The Reader Magazine
- Cover page, winter 2015
- Editor: Christopher Theodore
- Categories: local news, global news
- Frequency: quarterly
- Total circulation: 390,000 (2017)
- Founder: Christopher Theodore
- Founded: November 2000
- First issue: January 2001
- Company: Noble Media, Inc.
- Country: United States
- Based in: Redlands, California
- Language: English
- Website: www.reader.us

= The Reader Magazine =

The Reader Magazine is a free, printed, quarterly magazine based in Redlands, California, containing public interest journalism. It has a circulation of 390,000 by mail.

==History==
The Reader Magazine was founded by Christopher Theodore in November 2000 and was originally called The Redlands Community Coupon Book. The first issue appeared in January 2001. The first issue was a twelve-page coupon magazine with four-pages of community news mailed to 30,000 households. From 2002 to 2004, the publication was called The Redlands Reader during which time The Yucaipa Reader was launched, which increased the circulation to 60,000 households.

In 2005, the name of the publication was changed to The Reader Magazine and circulation doubled to 120,000 households by including the cities of: Banning, Beaumont, Colton, Grand Terrace, Loma Linda, Highland, and San Bernardino. As of 2015, the largest Reader Magazine of the four regional publications is 40-pages, half news content and half local advertising. The four Reader Magazines are mailed to a total of 390,000 persons in San Bernardino and Riverside counties.

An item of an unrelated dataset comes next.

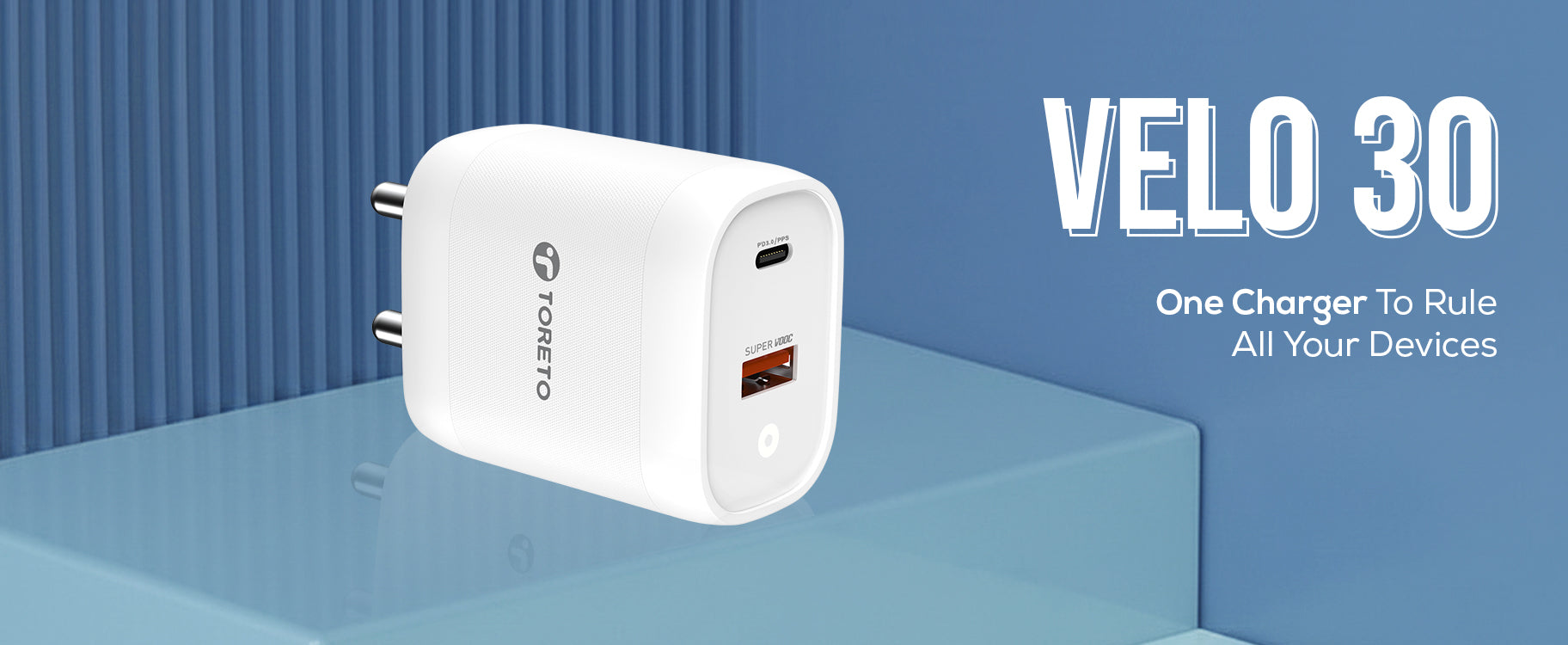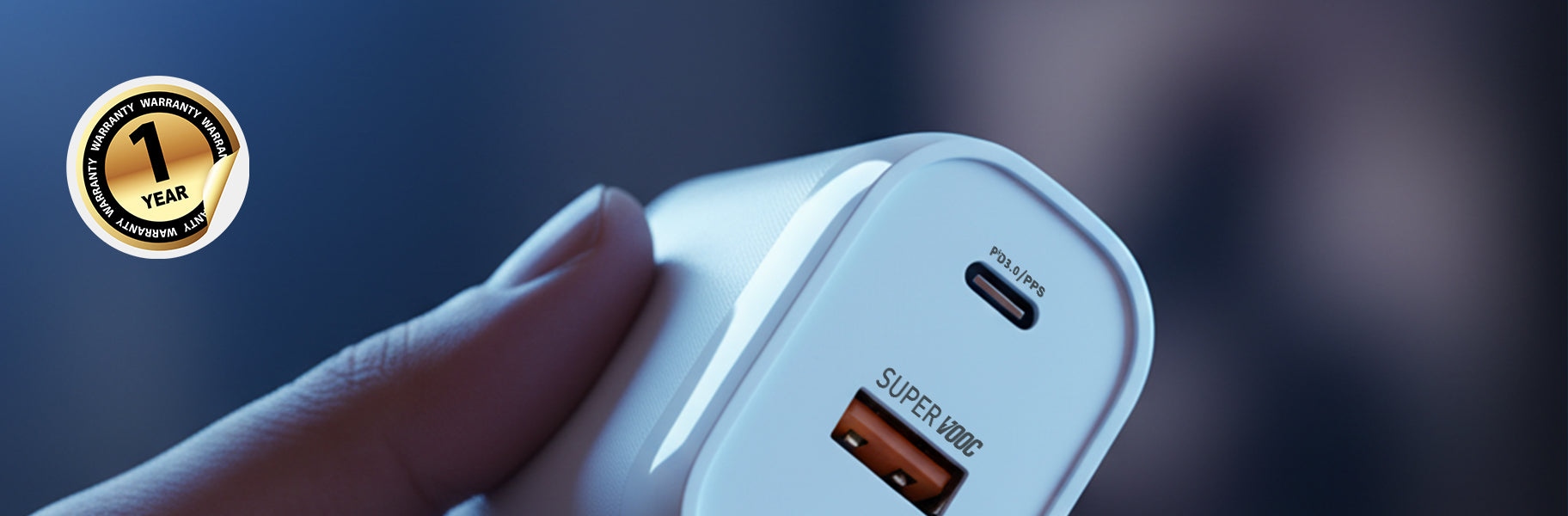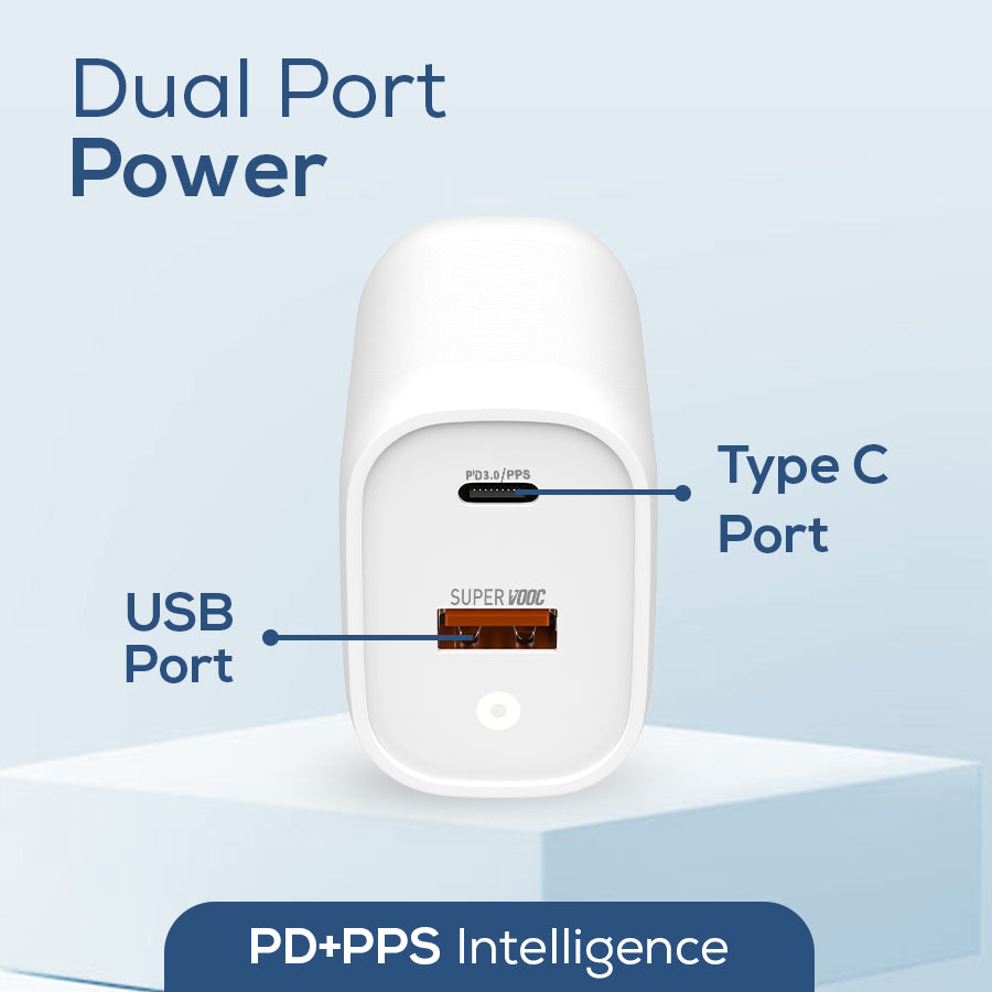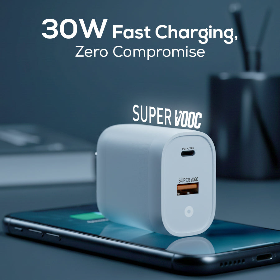 30W fast charging wall adapter with PD + PPS 3.0 intelligence, SuperVOOC fast charging support, dual USB and Type-C output ports, wide voltage input range, and durable ABS body

In March 2018, Noble Media, which owns Reader, raised $200,000 in capital from the Valley Economic Development Center (VEDC), a non-profit community funder.

== Controversy ==
In 2011, The Reader Magazine was described in the Columbia Journalism Review as employing a business model based on plagiarism, when they identified a number of cases of suspected plagiarism in the publication. These accusations were denied by The Reader. The Reader undertook legal action against the Columbia Journalism Review and the article's author. The Columbia Journalism Review subsequently reported that The Reader appeared to have reformed.